Aber das letzte Viertel gehörte noch einmal den Steelers, und es sollten bizarre 15 Minuten werden. Norm Johnson erzielte ein Field Goal zum 20:10, und mit seiner nächsten Aktion schien sich das Schicksal der Steelers zu wenden. Durch einen perfekten Onside- Kick, mit dem keiner gerechnet hatte, brachte sich Pittsburgh erneut in Ballbesitz, und die völlig geschockten Cowboys mußten hilflos zusehen, wie eine außer Rand und Band geratene Steelers- Mannschaft übers Feld marschierte. Running Back Bam Morris spazierte in die Dallas-Endzone, und obwohl die Cowboys immer noch 20:17 führten, gab keiner mehr allzuviel auf „America's Team“. Dallas' nächster Angriffszug wurde souverän gestoppt, und Pittsburgh schien vier Minuten vor Schluß zum endgültigen Schlag auszuholen.
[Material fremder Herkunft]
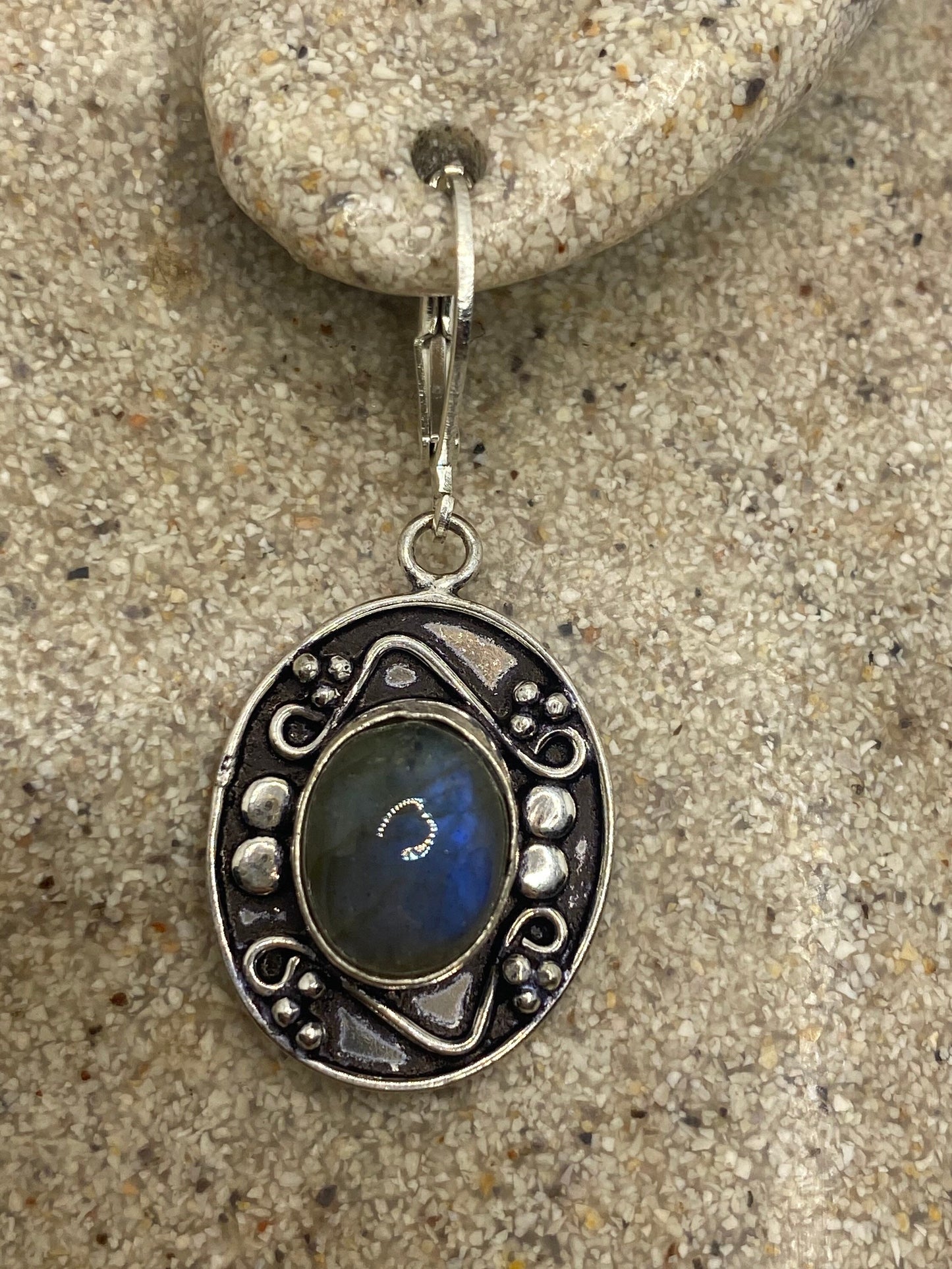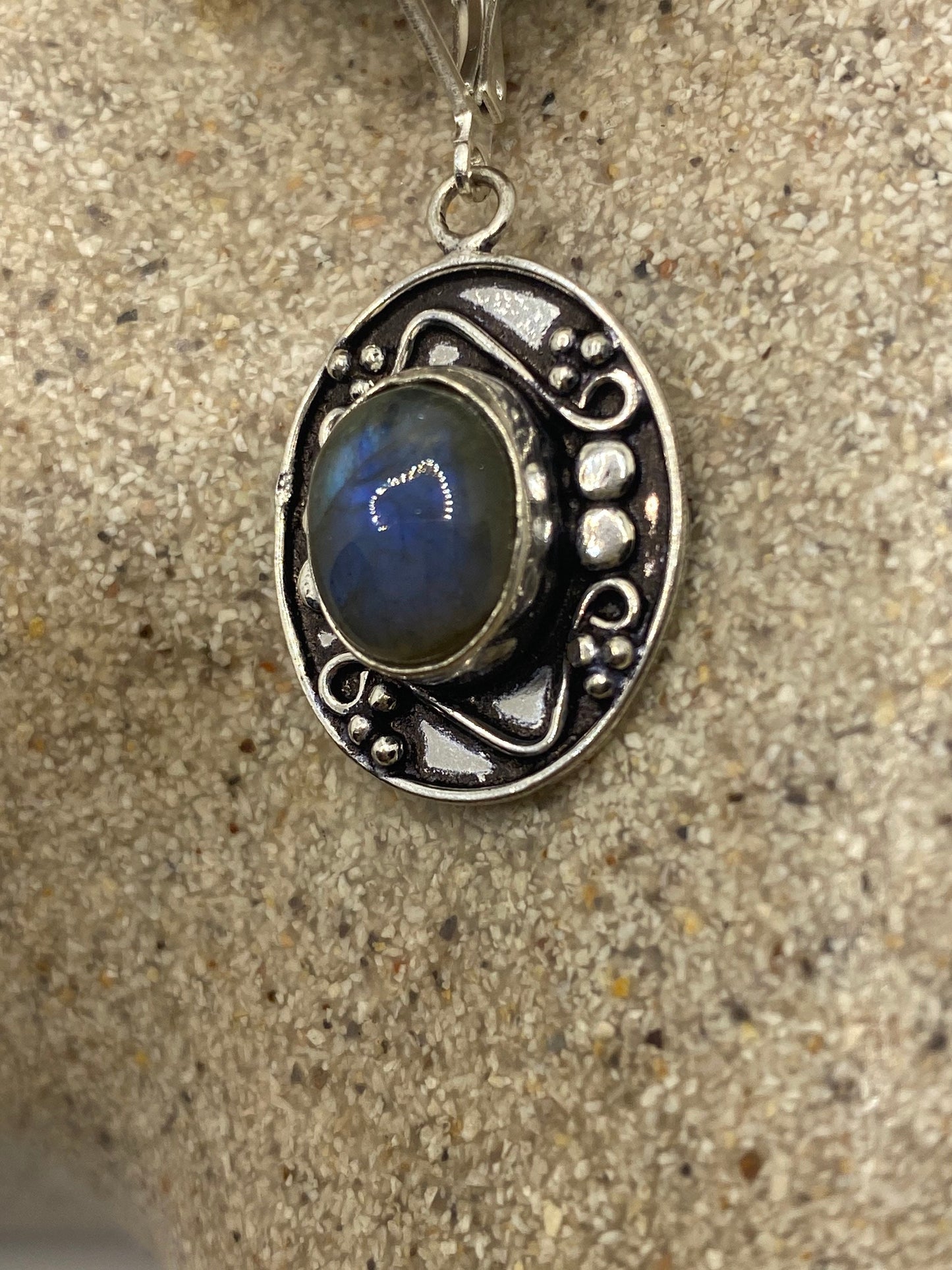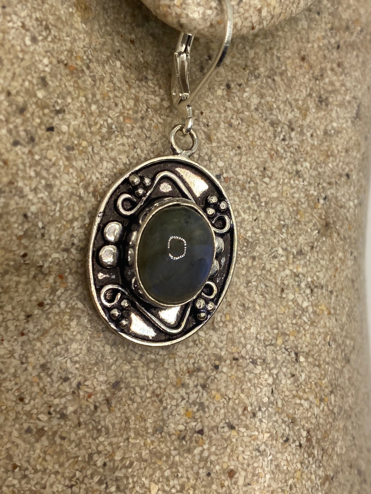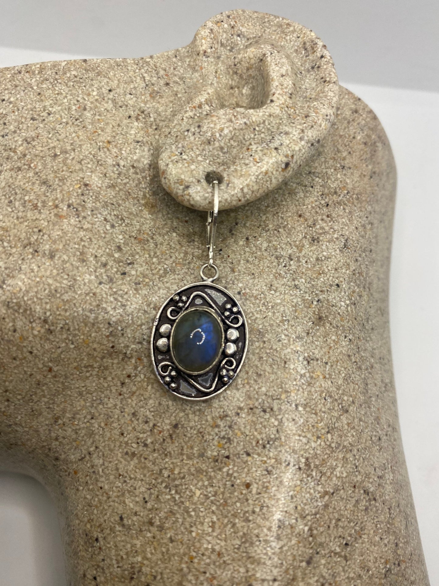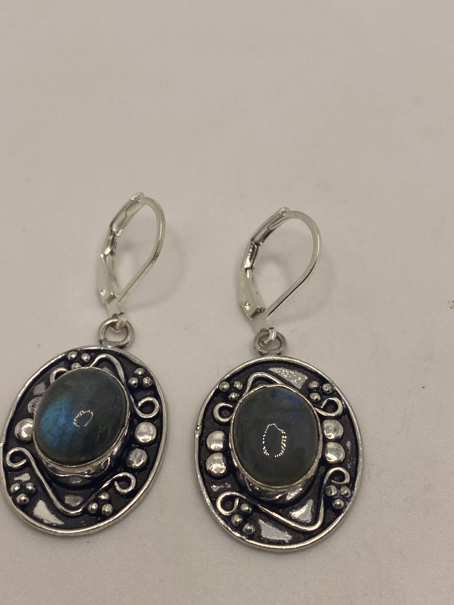 Vintage Labradorite Silver Dangle Earrings
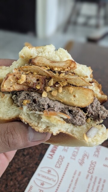 バンズも自家製なのかな?フカフカとかそんな上品なパンじゃなく、中までみっちり詰まった家庭的なバンズでしっかり旨い!

Doch wie ein langsam die Überhand gewinnender Raufbold, der plötzlich zuviel Zeit zum Denken hat, machten die Steelers denselben Fehler, der sie schon im Viertel zuvor kalt erwischt hat: Erneut landete ein Wurf von O'Donnell in den Armen von Larry Brown, der den Football bis an Pittsburghs 6-Yard-Linie trug. Im nächsten Spielzug lief Emmitt Smith in die Endzone, und das Match war entschieden.

Mit 27:17 gewannen die Cowboys zum fünften Mal die begehrten Super-Bowl-Ringe. Doch Dallas siegte diesmal nicht dank seiner Offensiv-Stars Aikman, Smith, Irvin und Sanders, sondern wegen der soliden Defensive. Symbolisch dafür steht die MVP-Trophäe für den besten Spieler, die Larry Brown bekam, der mit seinen zwei Interceptions die entscheidenden Akzente gesetzt hatte. Erst zum zweiten Mal in der 30jährigen Superbowl-Geschichte wurde ein Defensivspieler ausgezeichnet.